- **Task objective**
The expected output is the data below, character for character, without its pictures.

- **Data for the task**
----------

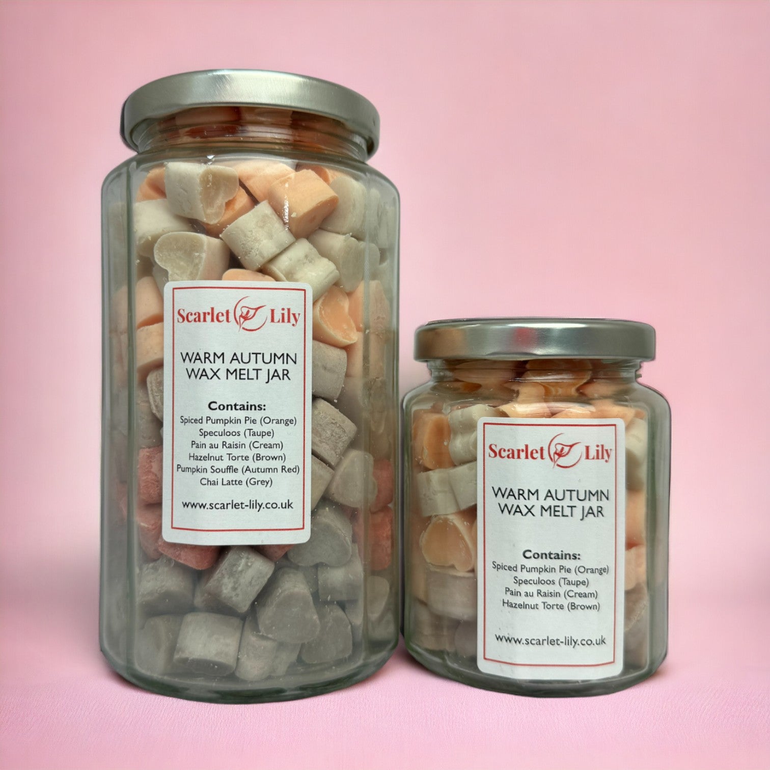 The large warm autumn jar contains all of the above fragrances plus Pumpkin Souffle (Autumn Red) and Chai Latte (Grey).
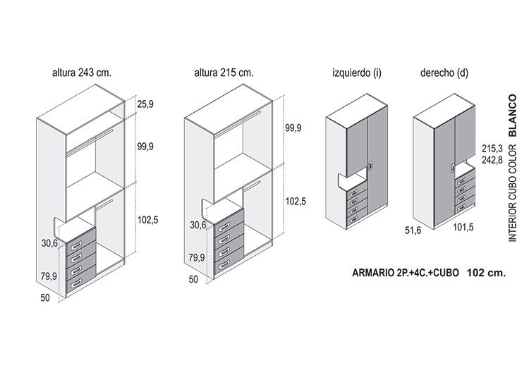 Armario 2 Puertas / 4 Cajones
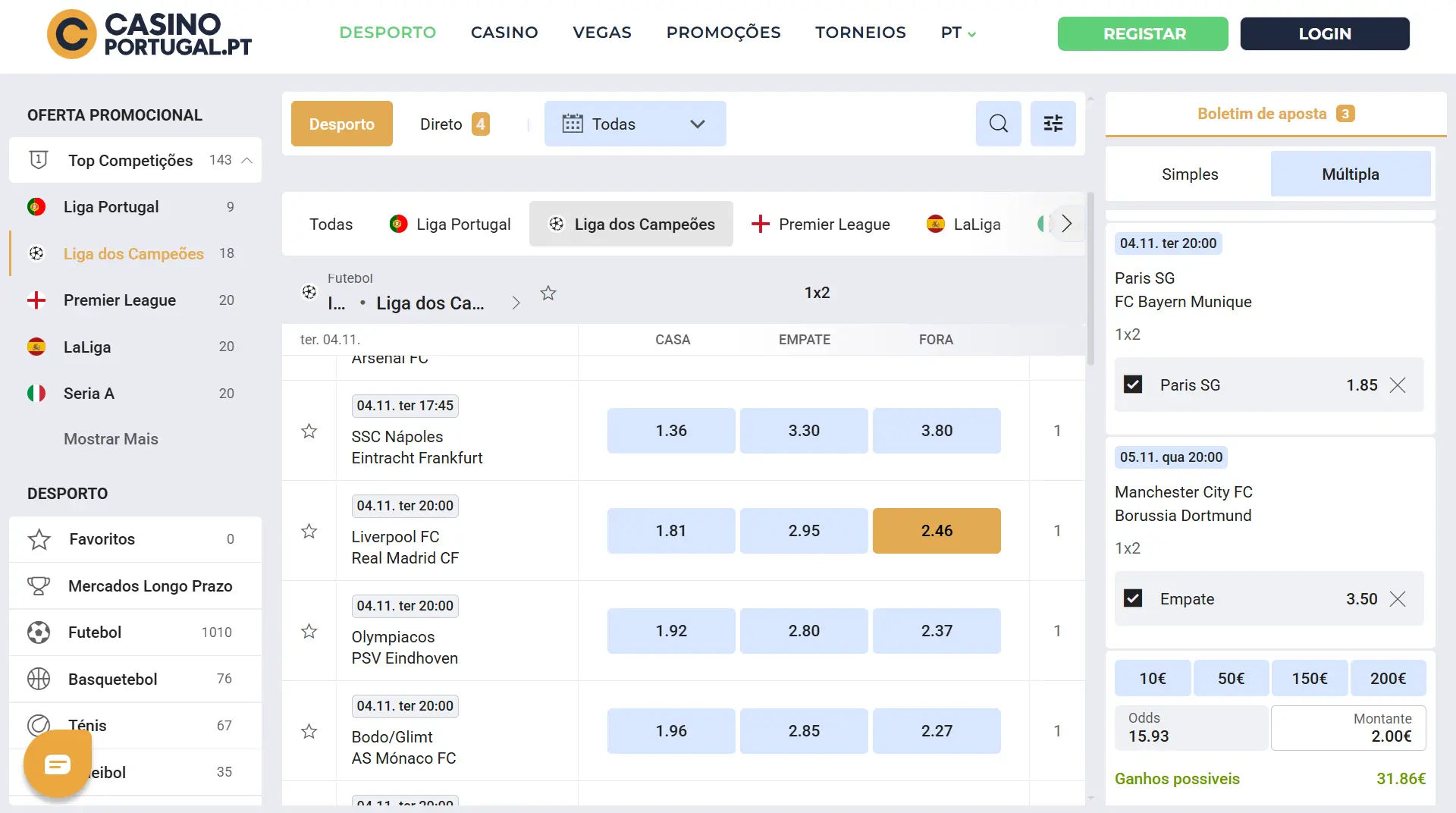 Por outro lado, espere pela atualização dos eventos desportivos para construir uma múltipla à sua maneira. Assim, poderá dar bom uso à Freebet de 2€.
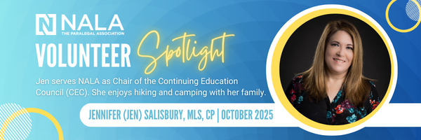 Jen has been a NALA member for over a decade, since 2013. She loves the educational offerings and getting to know paralegals from across the country. She has found the networking extremely beneficial. When she was working in a law office, she was able to reach out to paralegals outside of Nevada for advice and insights. She encourages other NALA members to get involved and give back.
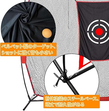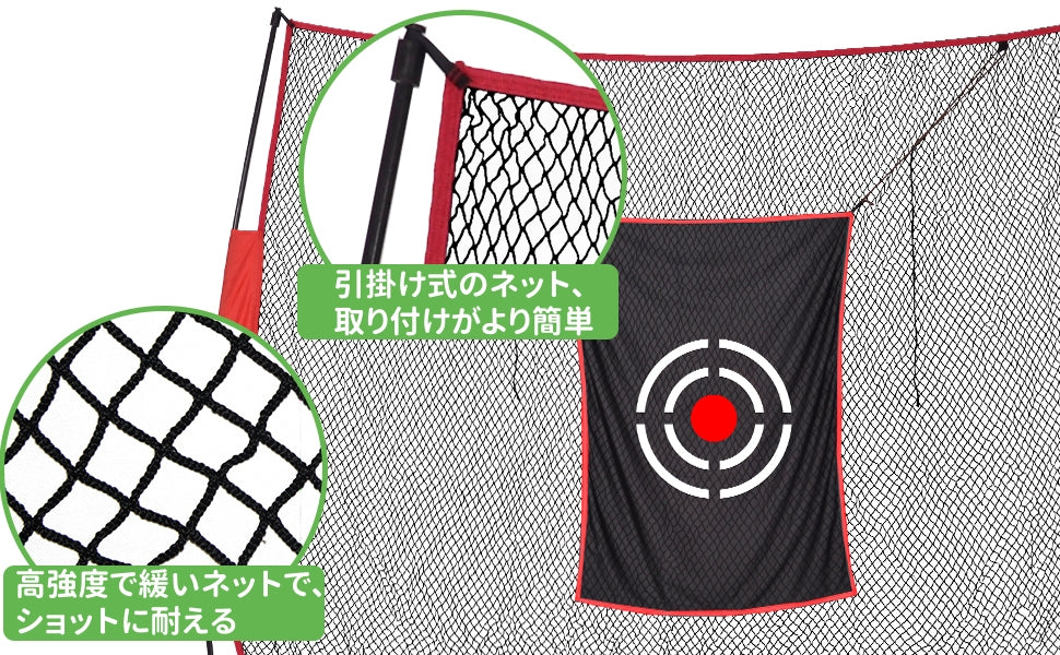 - ゴルフスキルを向上させる:オープンサイズは2.4m(幅)x2.1m(高さ)。本店のゴルフネットは、ターゲットが付き、ドライブやスイングなど、様々なヒットの練習ができます。ヒット後、ボールを集中し、ボールが散らばることがないため、ボールを拾う時間を節約し、練習をよう効率的にすることができます。
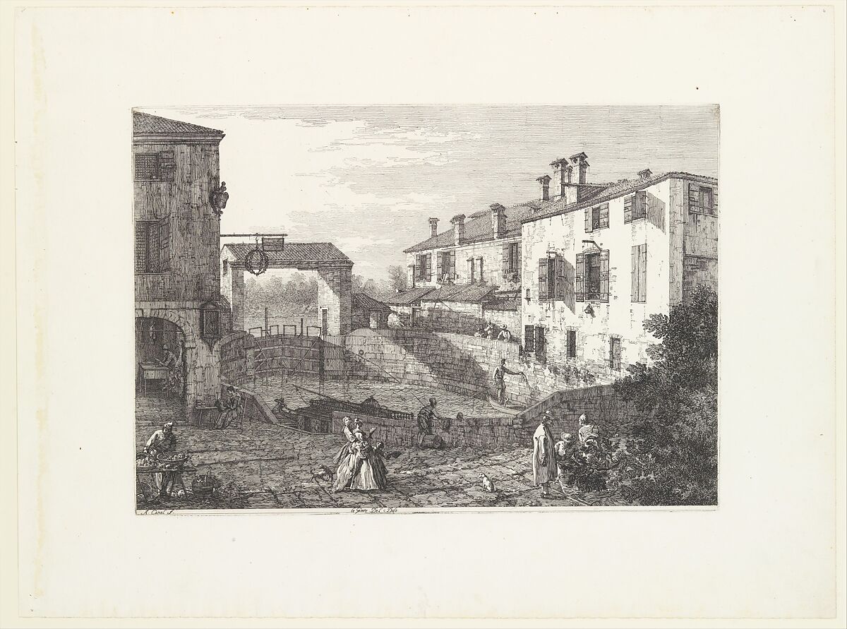 - Title: The Locks at Dolo, an oval-shaped basin with boats at center, buildings on either side, a fruit vendor and groups of figures in the foreground, from "Views" (Vedute altre prese da i luoghi altre ideate da Antonio Canal)
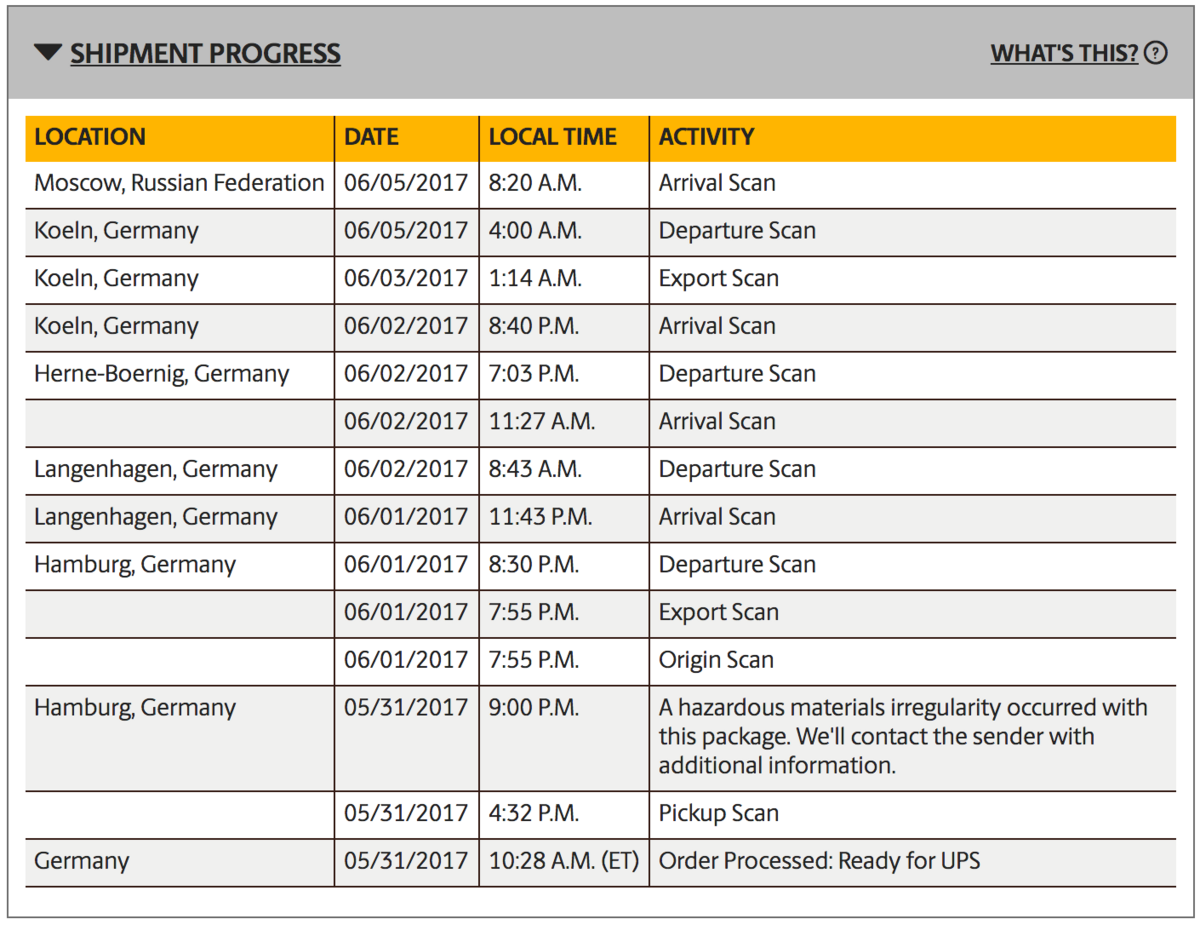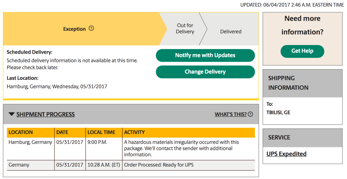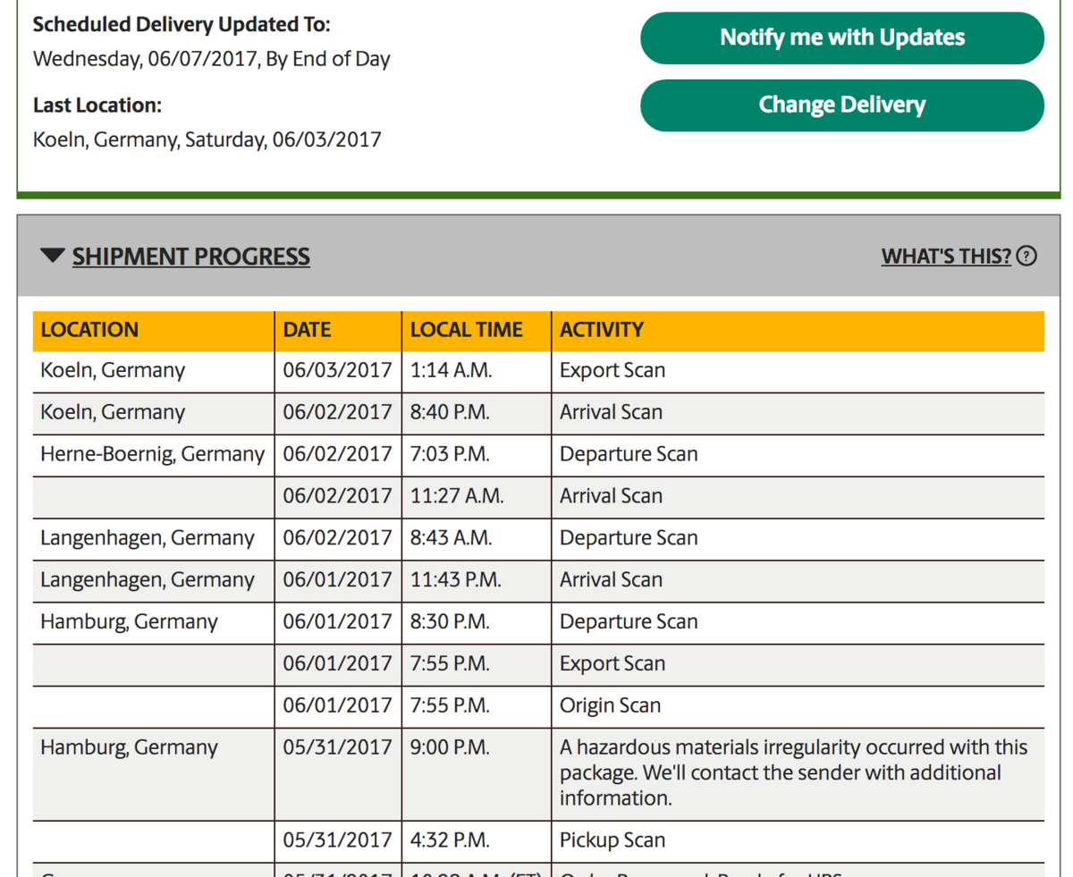 Waking up there was already a message of Dan waiting for me. The UPS tracking system says, the shipping has been stopped at 9:00pm. The comment in the tracking system: "A hazardous materials irregularity occurred with this package. We'll contact the sender with additional information."
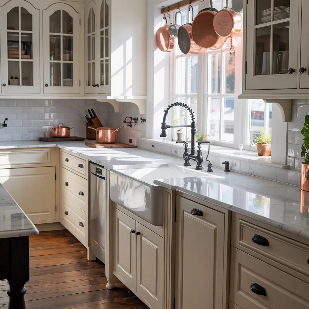 The temperature contrast between cool marble and a warm farmhouse sink creates this beautiful tension. Add some vintage brass fixtures and suddenly your kitchen feels like it belongs in a French château. Who wouldn’t want that?

----------

- **Solution**
 The large warm autumn jar contains all of the above fragrances plus Pumpkin Souffle (Autumn Red) and Chai Latte (Grey).
 Armario 2 Puertas / 4 Cajones
 Por outro lado, espere pela atualização dos eventos desportivos para construir uma múltipla à sua maneira. Assim, poderá dar bom uso à Freebet de 2€.
 Jen has been a NALA member for over a decade, since 2013. She loves the educational offerings and getting to know paralegals from across the country. She has found the networking extremely beneficial. When she was working in a law office, she was able to reach out to paralegals outside of Nevada for advice and insights. She encourages other NALA members to get involved and give back.
 - ゴルフスキルを向上させる:オープンサイズは2.4m(幅)x2.1m(高さ)。本店のゴルフネットは、ターゲットが付き、ドライブやスイングなど、様々なヒットの練習ができます。ヒット後、ボールを集中し、ボールが散らばることがないため、ボールを拾う時間を節約し、練習をよう効率的にすることができます。
 - Title: The Locks at Dolo, an oval-shaped basin with boats at center, buildings on either side, a fruit vendor and groups of figures in the foreground, from "Views" (Vedute altre prese da i luoghi altre ideate da Antonio Canal)
 Waking up there was already a message of Dan waiting for me. The UPS tracking system says, the shipping has been stopped at 9:00pm. The comment in the tracking system: "A hazardous materials irregularity occurred with this package. We'll contact the sender with additional information."
 The temperature contrast between cool marble and a warm farmhouse sink creates this beautiful tension. Add some vintage brass fixtures and suddenly your kitchen feels like it belongs in a French château. Who wouldn’t want that?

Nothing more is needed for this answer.